Competition across all sectors of the market means that rates have plummeted, with one leading analyst terming 2015 as “the year of the mortgage”.
According to the number-crunchers at Moneyfacts, a two-year fixed-rate £200,000 mortgage taken out at the end of the year would be an average of more than £800 a year cheaper than a similar product taken out at the start of 2015.
“When looking back at 2015, it’s difficult to think of anything other than plummeting mortgage rates, which resulted in record lows across the whole of the mortgage market,” says Charlotte Nelson, of Moneyfacts.
“For example, in just one year, the average two-year fixed-rate mortgage fell by a whopping 0.65%.”

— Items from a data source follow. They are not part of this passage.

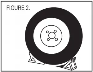 - To prevent further vehicle movement, wheels should be securely chocked with foldable wheel chocks. Refer to figure 1. The tyre to be chocked is diagonal from the wheel being lifted.
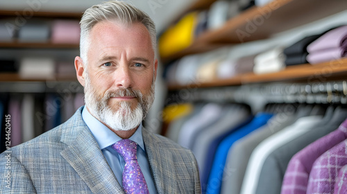 Mature man in suit, boutique background, shopping, fashion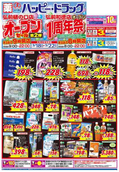 青森県弘前市樋の口2-9−6イオンタウン弘前樋の口内 2026年3月18〜21日まで弘前和徳店周年祭!弘前樋の口店OPセール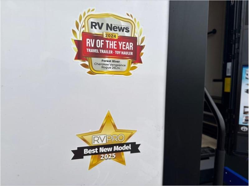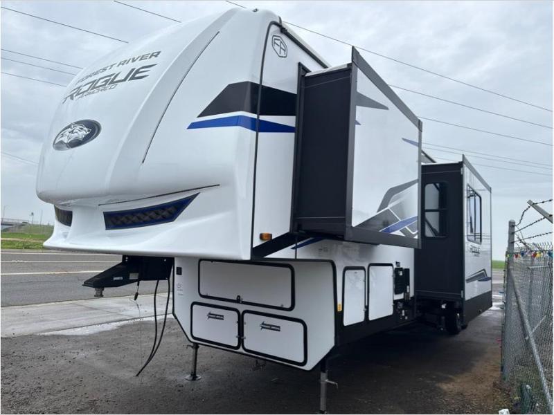 Every one of these Forest River Cherokee Rogue Armored fifth wheel toy haulers come with the features you want most at an affordable price tag! The DuraPoxy gas/oil resistant floor has 5,000 lb. tie downs to ensure your toys will arrive safely without damaging the flooring, plus the 3,000 lb. rated ramp door makes it easy to load them. Two 15,000 BTU A/Cs are "Super H Ducted" to keep you cool even on the hottest summer days, and the heated enclosed holding tanks help protect against the elements. Each model also includes a 6-point leveling system, dual LED cargo lights, solar reflective windows, and a tire pressure monitoring system. Inside, you'll enjoy the solid surface countertops, glass shower door, zebra shades in the living room, and stainless-steel multi-purpose sink to name a few comforts!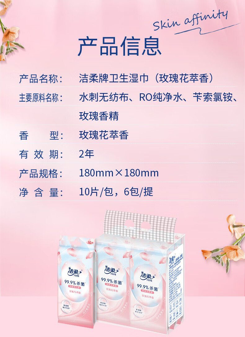 洁柔牌卫生湿巾(玫瑰花萃香)(10片装)独立装

With five-year fixed rates also falling, analysts believe many borrowers would do well to switch to a longer-term deal now in order to cushion themselves against future rate rises.
Ms Nelson adds: “The mortgage market has experienced real uncertainty in terms of the timing of a base rate rise, and this is unlikely to end soon.
“The mortgage market is waiting on tenterhooks to see when the Bank of England will raise the rate, and with rumours rife about an increase in 2016, it will prove to be a tense time in the market.
“There may be many uncertainties about the future, but one thing we do know is that these record low rates won’t last forever, so anyone looking for a fixed rate mortgage now should act fast to secure the best deal.”